- Bellamy's People title card
- Also known as: Bellamy's People of the United Kingdom of Great Britain and Northern Ireland
- Genre: Situation comedy
- Directed by: Charlie Higson Paul Whitehouse
- Starring: Rhys Thomas Charlie Higson Paul Whitehouse Simon Day Felix Dexter Amelia Bullmore Lucy Montgomery Adil Ray Rosie Cavaliero Robert Popper Daniel Kaluuya
- Country of origin: United Kingdom
- Original language: English
- No. of series: 1
- No. of episodes: 8

Production
- Producers: Charlie Higson Paul Whitehouse Ali Bryer Carron
- Running time: 30 minutes
- Production companies: BBC Down the Line Productions

Original release
- Network: BBC Two
- Release: 21 January – 11 March 2010

= Bellamy's People =

Bellamy's People, also known as Bellamy's People of the United Kingdom of Great Britain and Northern Ireland, is a British comedy show first broadcast on BBC Two as an eight-episode series.

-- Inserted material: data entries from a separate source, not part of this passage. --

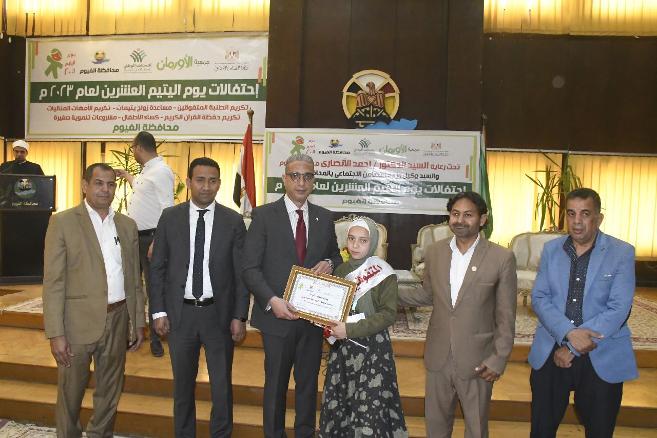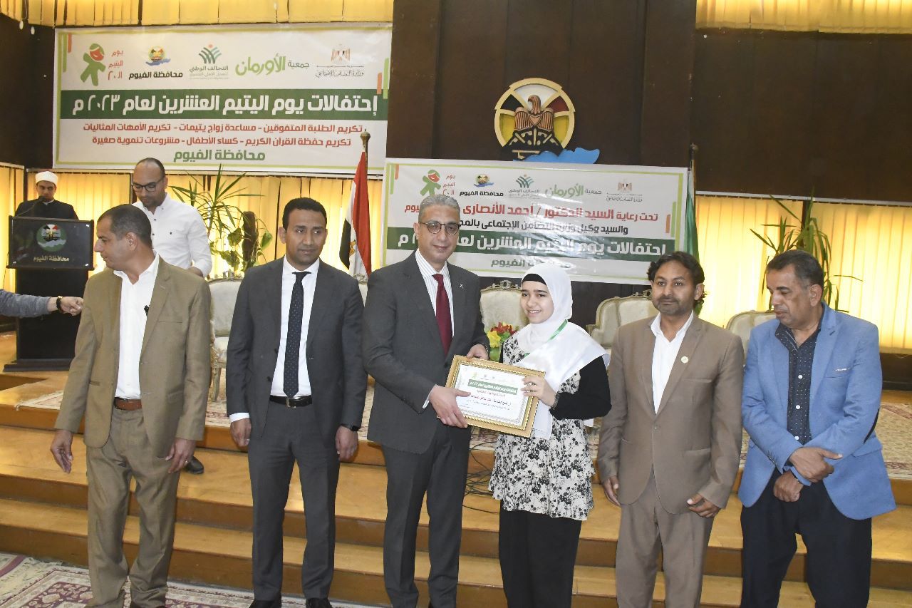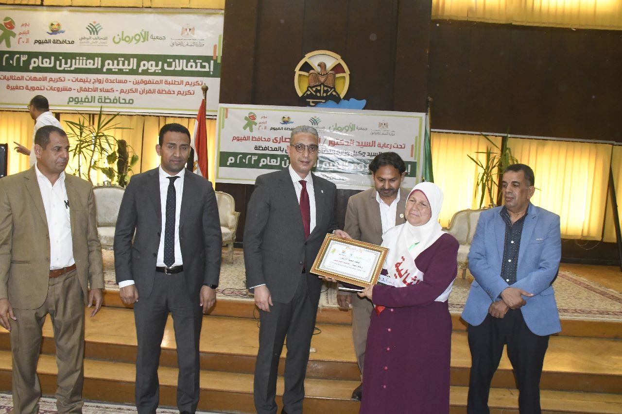 قام الدكتور أحمد الانصاري محافظ الفيوم، بتكريم حفظة القرآن الكريم وأماً مثالية، وذلك خلال احتفالية فرع جمعية الأورمان بالفيوم، بيوم اليتيم، بالقاعة الكبري بديوان عام المحافظة.
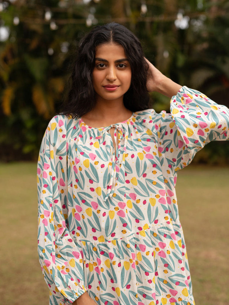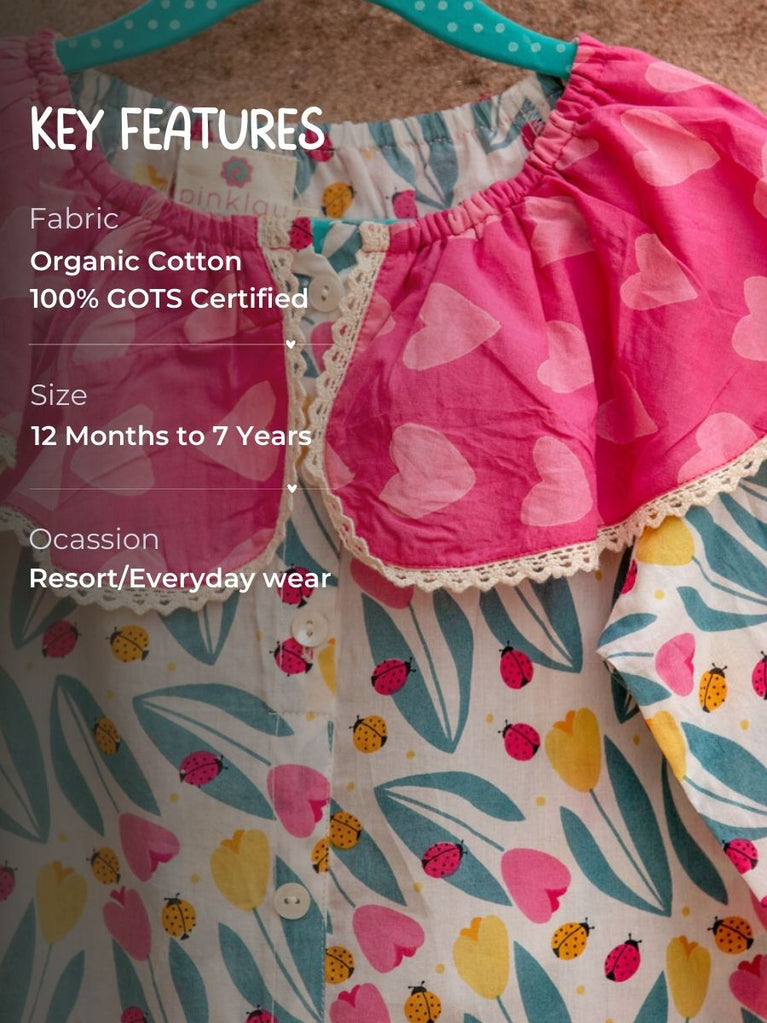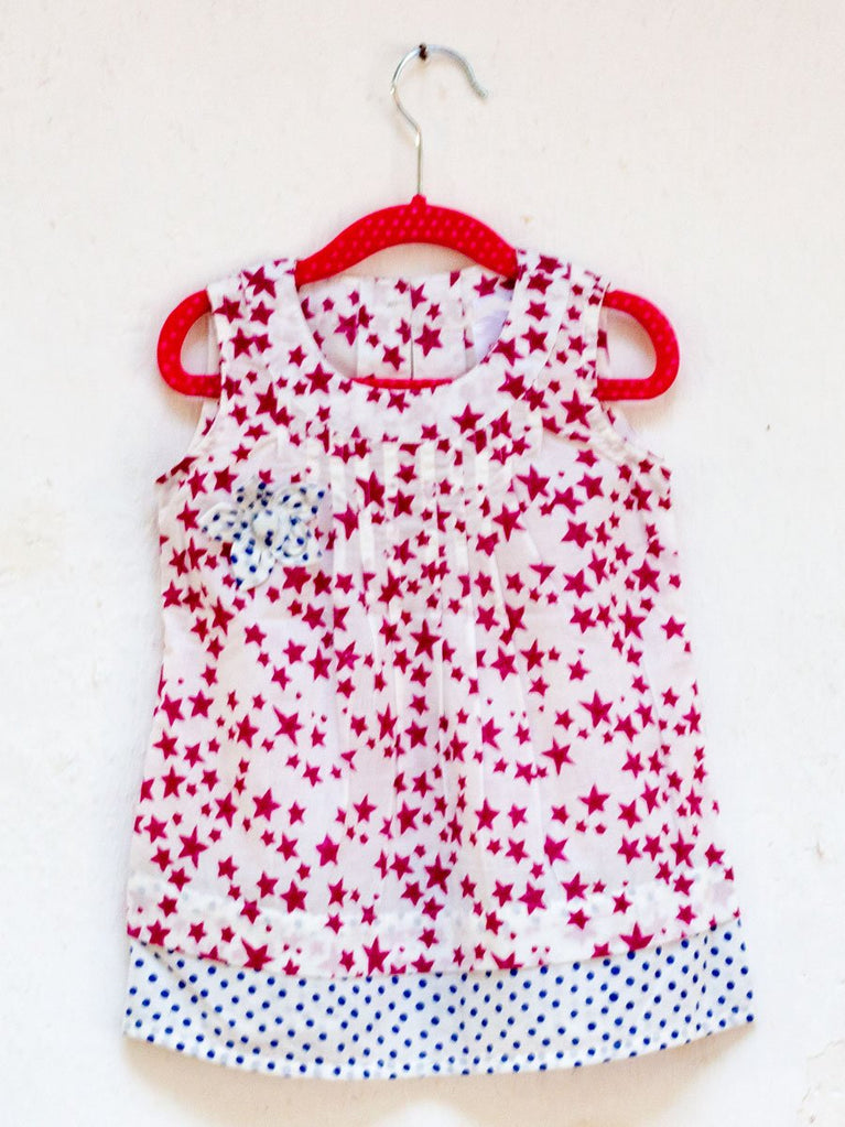 Deep Pink Starry Sky PinTuck Block Printed Cotton Frock
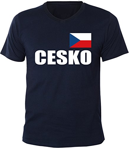 Mister Merchandise Uomo V-Neck T-Shirt Cesko Fahne Flag, Men Maglietta Camicia, Taglia: XXL, Color: Navy
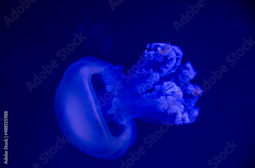 Jellyfish in aquarium, with blue background
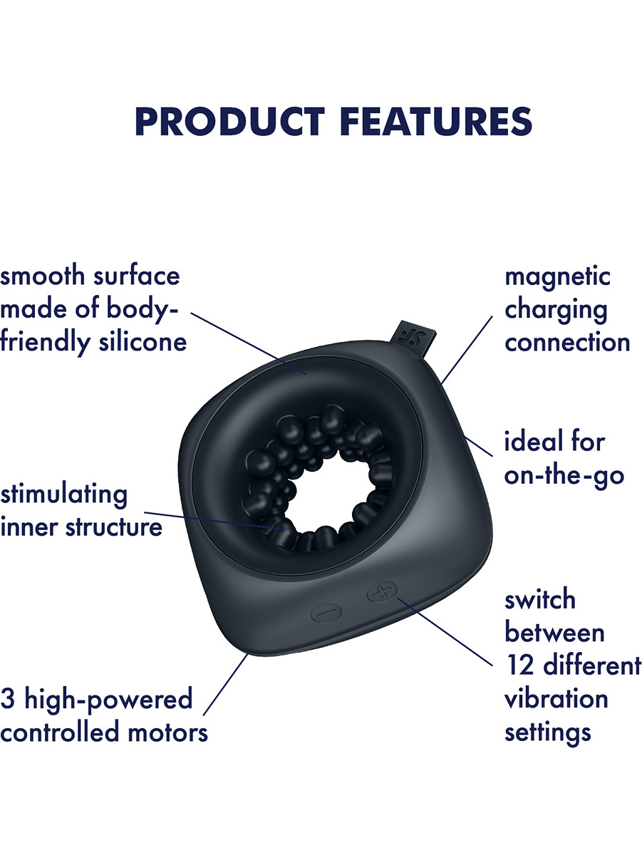 Are you looking for a compact and flexible masturbator? Then the Ring Stroker from Satisfyer is the perfect choice! This vibrating masturbator is not only practical and travel-friendly, it will also pamper you with three strong motors and stimulating textures in soft silicone.
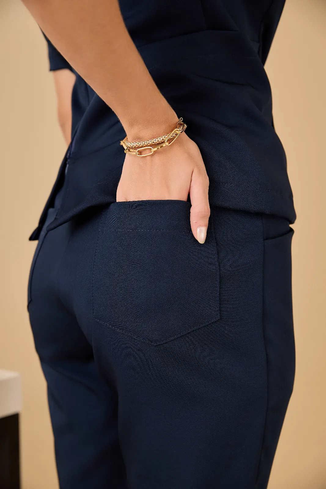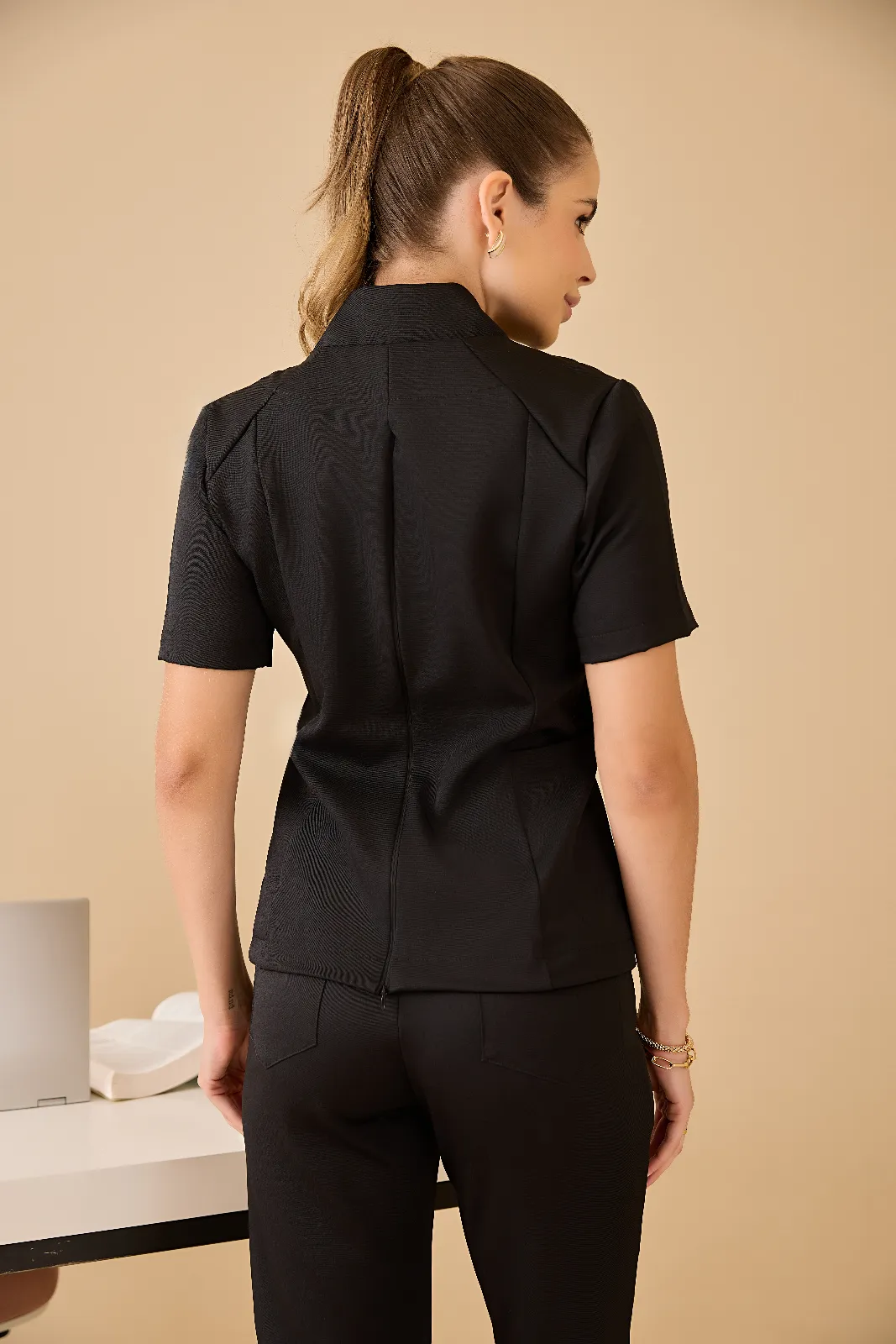 O conjunto Luciana tem um design moderno e estruturado. A blusa apresenta um decote V com detalhes conferindo um ar sofisticado e contemporâneo e minimalista, os recortes verticais criam uma silhueta elegante e alongada. O grande diferencial desse modelo são os bolsos frontais, que agregam charme e funcionalidade à peça.
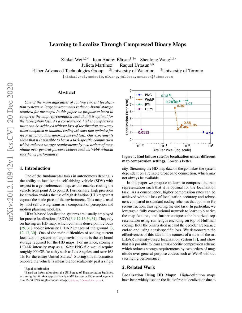 Learning to Localize Through Compressed Binary Maps
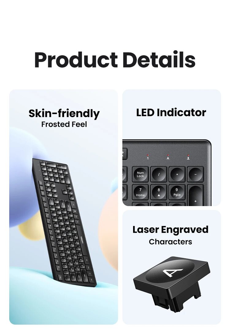 Беспроводная клавиатура UGREEN, 2,4 ГГц, 104-клавишная раскладка, эргономичная для ноутбука, настольного компьютера, Windows Mac OS, Russian Set 1 интересное:
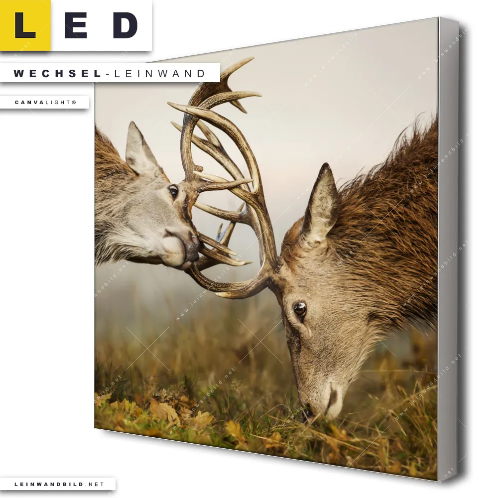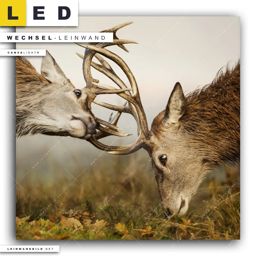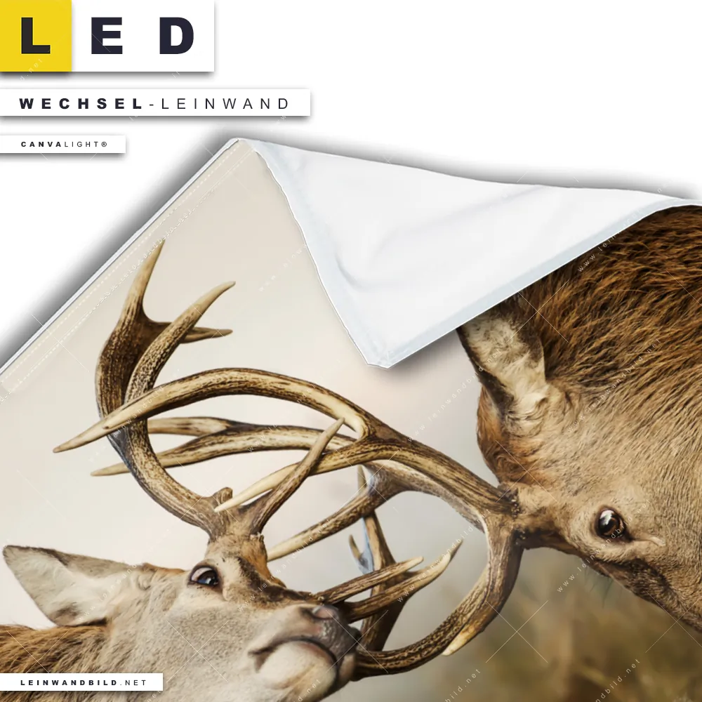 Du bist auf der Suche nach einer Tierwelt Wechsel-Leinwand für Dein LED-Leinwandbild im Quadratischen Format? Begriffe wie Hirsch, Deer, skandinavisch, Rotwild, Reh, Dammwild, Geweih, Kampf haben Dich auf der Suche nach Deiner Ersatz-Leinwand für dein LED Wandbild mit wechselbarer Leinwand inspiriert? Farben wie Braun, Beige dürfen auf Deinem neuen Wechselmotiv für Dein XXL Leinwand-LED-Bild nicht fehlen und Leinwände im Natürlich - Realistisch Stil für Leuchtbilder passen perfekt zu Deinem Einrichtungsstil?
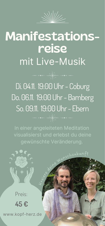 Du wirst eingeladen, tief in deine innere Welt einzutauchen, dich mit deiner Wunschzukunft zu verbinden und sie bereits heute mit allen Sinnen zu erleben und in kraftvollen inneren Bildern zu verankern. Die sanften, sphärischen Klänge der Handpan begleiten dich dabei.
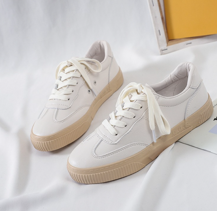 Women's white faux leather trainers
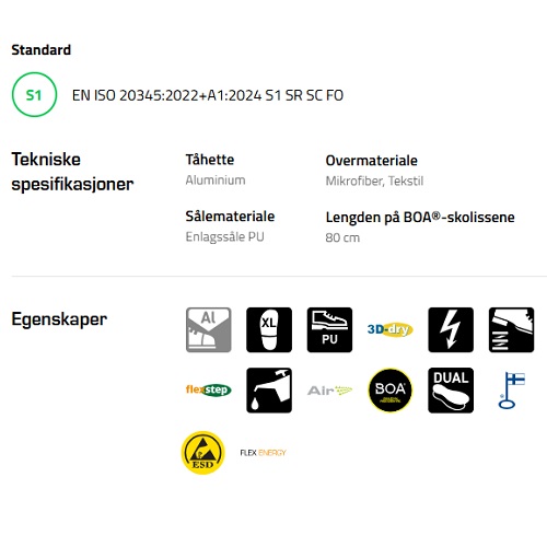 - Skoene leveres med 3D-dry fôr som fjerner fukt fra foten og ut av arbeidsskoene
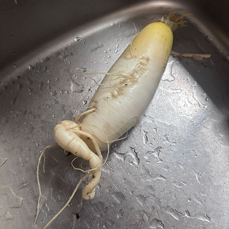 畑の大根抜いた。ずいぶん暴れてるw
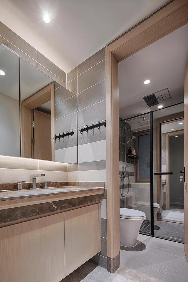 衛生間干濕分離,干區墻面以灰、白色交錯的墻磚豐富了層次感。而淋浴區以鏡面推拉門作隔斷,帶來別致的視覺效果。
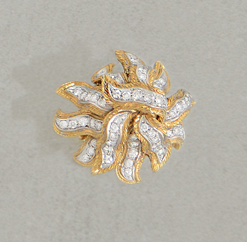 ANELLO. In oro giallo e bianco 18 kt sommità a grandi petali sovrapposti ed incisi con decoro in diamanti taglio brillante per tot. cts. 2,50 ca.
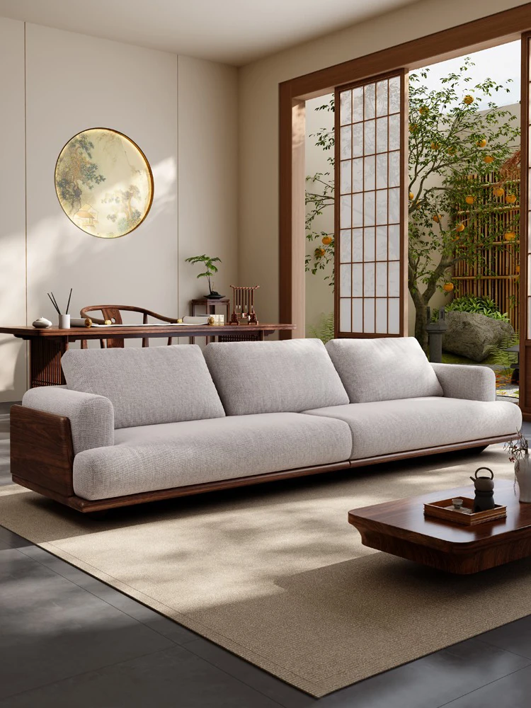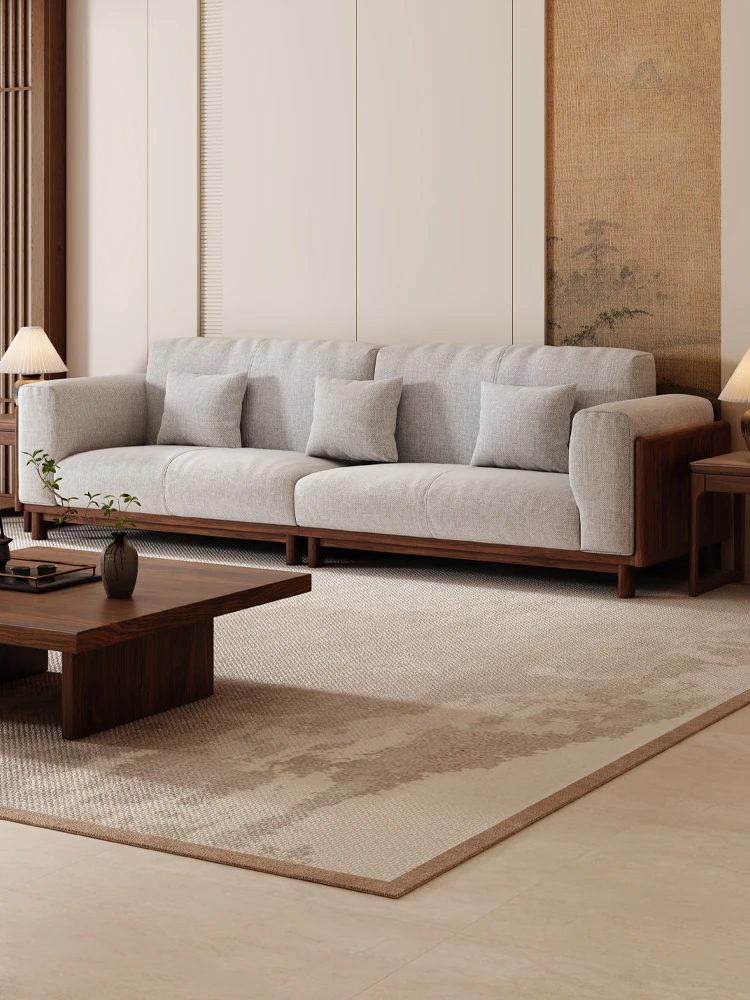 2025 New Arrivals: Solid Black Walnut Sofa for Living Room - Modern Chinese Style with Directly Placed Cotton-Linen Fabric, Inspired by Song Aesthetics
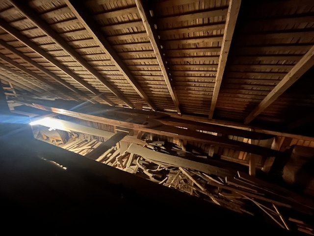 Kims son är också med på vandringen i ladan. Ser konkret på vad som ligger framför dem. När gården är såld, ska ladan vara tom.
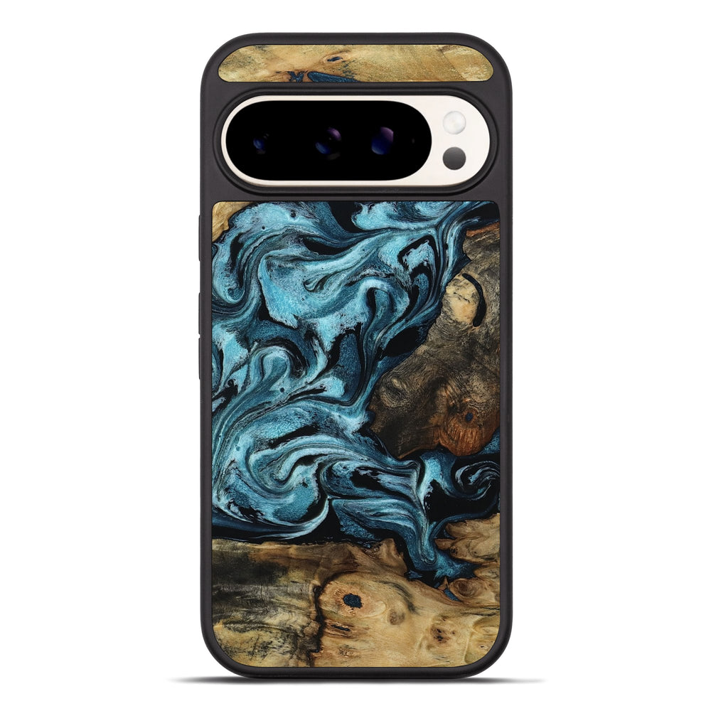 Cade has smooth, swirling patterns in shades of blue against a warm, golden backdrop. The contrasting colors create a calming and natural look, highlighting the beauty of the wood.
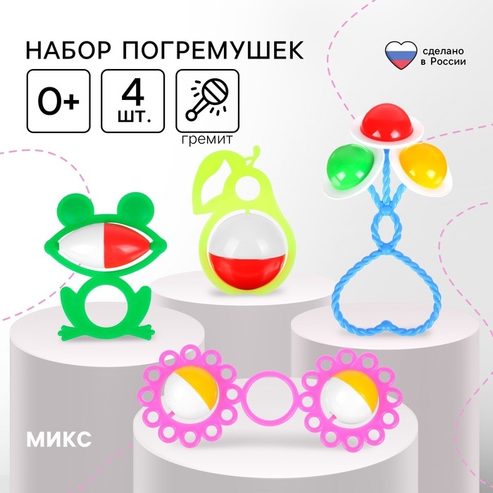 Набор погремушек «Ладушки», 4шт, цвет МИКС, Аэлита

The show is a spin-off from the BBC Radio 4 show Down the Line. The show stars Rhys Thomas as the eponymous Gary Bellamy and the supporting cast features Charlie Higson, Paul Whitehouse, Simon Day, Felix Dexter, Amelia Bullmore, Lucy Montgomery, Adil Ray, Daniel Kaluuya, Mark McIntyre and Robert Popper.

==Production==
Down the Line is a spoof radio chat show broadcast on BBC Radio 4 between 2006 and 2013 which satirises populist radio phone in shows. Following its success, writers Higson and Whitehouse looked to transfer the format to television; however, it was apparent that the phone-in format would not work, so they decided instead to satirise the celebrity travelogue such as David Dimbleby's How We Built Britain and Alan Titchmarsh's British Isles – A Natural History. In the television programme, radio talk show host Gary Bellamy travels around Britain in his Triumph Stag 'personality vehicle' meeting the people of Britain and trying to find out what makes them tick. The show's working title was Bellamy's Kingdom.

The show was Higson and Whitehouse's first television appearance together since Swiss Toni in 2004. Whitehouse's characters included 23-stone Graham Downes who rarely left his bed.

On 13 May 2010, the BBC announced that they would not be commissioning a second series of Bellamy's People.

==Reception==
The first and second episodes gained 1.2 million viewers, a 6% and 5% audience share respectively.

== Spin-offs ==
In April 2010, ahead of the UK General Election, the self-styled community leader Mr Khan (Adil Ray) began broadcasting his own comedy videos commenting on the election, the main political parties, and UK politics in general. Khan was subsequently given his own comedy sitcom, Citizen Khan, which was broadcast first in August 2012.